Sanders teamed up with Sen. Mike Lee (R-Utah) on the legislation, which seeks to invoke the War Powers Resolution to curtail American participation in the Yemen war. If successful, it would mark the first time that Congress has successfully invoked the war powers resolution to end U.S. engagement in a conflict.
But opponents of the resolution warned Wednesday that it is “fundamentally flawed,” and will compromise efforts to encourage a peaceful, negotiated settlement to the Yemen conflict by making the U.S. position appear fractured.

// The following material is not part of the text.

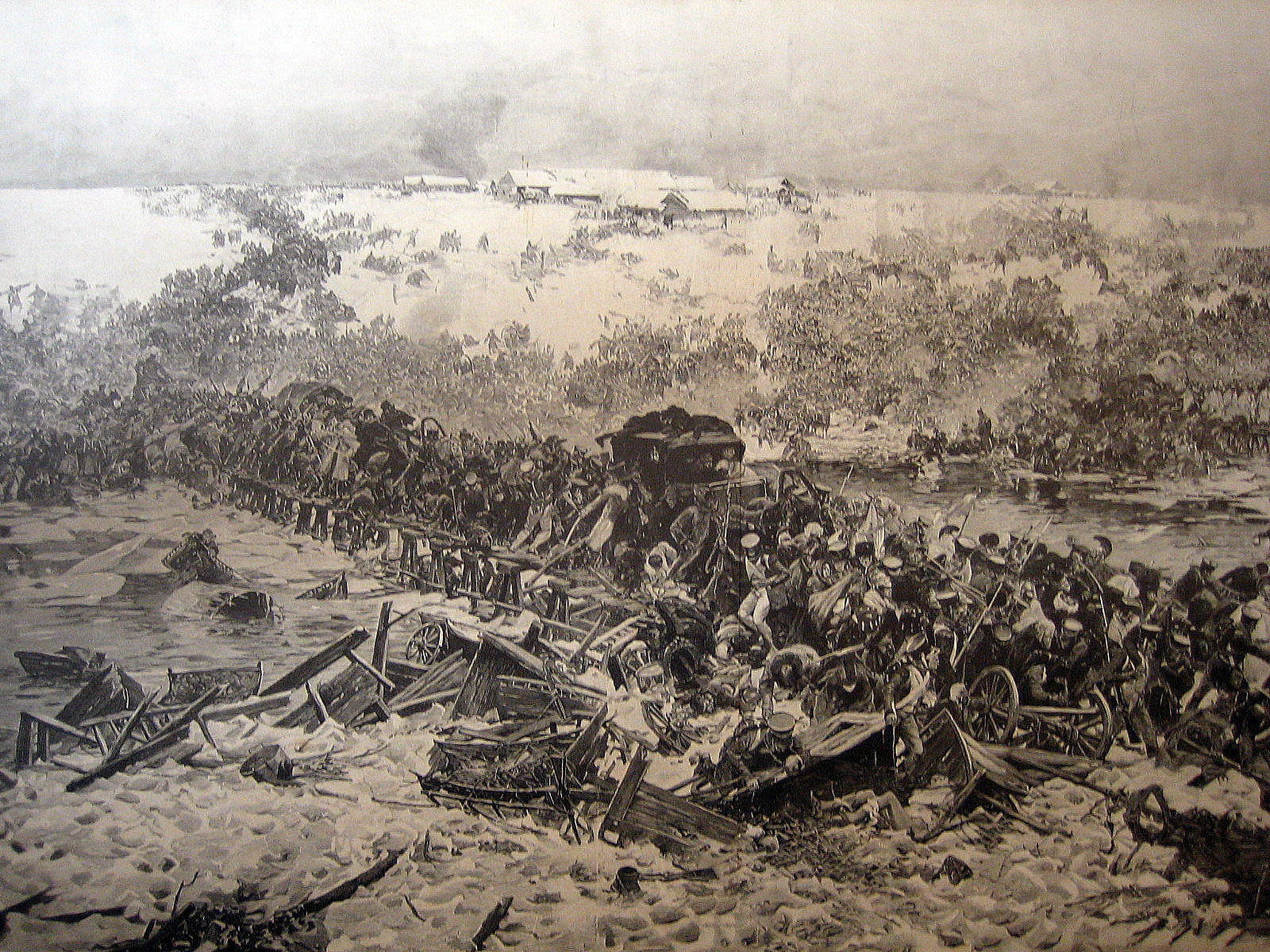 Retreat of Napoleon's Army through Beresina in 1812.

“It is going to send a message to people that they don’t need to negotiate right now, that they are actually making gains,” Senate Foreign Relations Committee chairman Sen. James E. Risch (R-Idaho) said on the Senate floor Wednesday just before the vote. “I would urge my colleagues to vote against this at this time and give peace a change through the negotiations.”

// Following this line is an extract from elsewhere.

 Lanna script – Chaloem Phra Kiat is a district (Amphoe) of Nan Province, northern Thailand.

Supporters, however, argued that “if we pass this resolution, peace becomes more likely,” as Murphy put it Wednesday, arguing that when the Senate cast a similar vote last year, it seemingly helped push the parties in the Yemen war toward declaring a cease fire.
The resolution must still be taken up in the House, where members passed a nearly identical resolution to end U.S. participation in the Yemen war earlier this year.
It is unlikely, however, that either chamber will have the votes necessary to resuscitate the measure if President Trump vetoes it.